Image inpainting for corrupted images by using the semi-super resolution GAN
Image inpainting is a valuable technique for enhancing images that have been corrupted. The primary challenge in this research revolves around the extent of corruption in the input image that the deep learning model must restore. To address this challenge, we introduce a Generative Adversarial Network (GAN) for learning and replicating the missing pixels. Additionally, we have developed a distinct variant of the Super-Resolution GAN (SRGAN), which we refer to as the Semi-SRGAN (SSRGAN). Furthermore, we leveraged three diverse datasets to assess the robustness and accuracy of our proposed model. Our training process involves varying levels of pixel corruption to attain optimal accuracy and generate high-quality images.
💡 Research Summary
The paper addresses the problem of restoring corrupted images by proposing a lightweight variant of the Super‑Resolution Generative Adversarial Network (SRGAN), termed Semi‑Super‑Resolution GAN (SSR‑GAN). The authors observe that while deep‑learning‑based inpainting methods have surpassed classical statistical approaches, their performance degrades sharply when the proportion of missing pixels becomes large. To mitigate this, they introduce two main innovations. First, they simulate image damage by randomly selecting a uniform set of pixels and corrupting them at various rates ranging from 30 % to 80 %. This creates a training regime that forces the network to learn robust reconstruction across a spectrum of degradation levels.
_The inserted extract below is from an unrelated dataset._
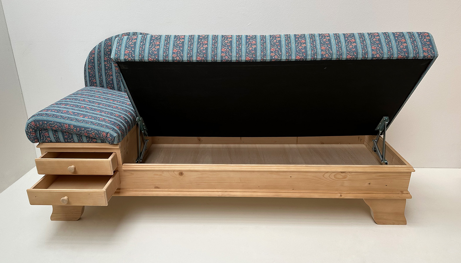 Abm: 195/75/86 cm, (L/T/H), Sitzhöhe 45 cm, Polsterung Komfort Kaltschaum, Kopfteil höhenverstellbar, Sitz mit Klappfunktion, Holzteile: Fichte, gewachst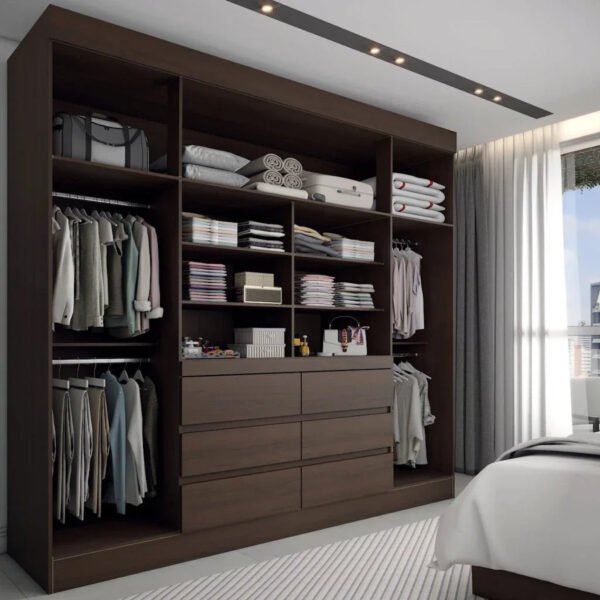 Guarda Roupa Casal Capri 3 Portas Correr 9 Gavetas Com Espelho

Second, they simplify the original SRGAN architecture and loss formulation. The generator consists of an initial 9 × 9 convolution, followed by six residual blocks (each with 3 × 3 kernels, stride 1, and skip connections), and ends with a final convolution (9 × 9, stride 4). A PixelShuffle layer with an upscale factor of 2 is employed to achieve higher resolution. The discriminator is reduced to four blocks, each doubling the channel count from 64 up to 512, and finishes with a transposed convolution (kernel 4, stride 4).
Instead of the computationally heavy VGG‑19 perceptual loss used in SRGAN, the authors adopt a plain Mean‑Squared‑Error (MSE) loss for both generator and discriminator. The discriminator loss is the sum of MSE on real and fake samples, while the generator loss combines the MSE between the reconstructed image and the ground‑truth with a small weighted MSE term (10⁻³) encouraging the discriminator to label the generated output as real.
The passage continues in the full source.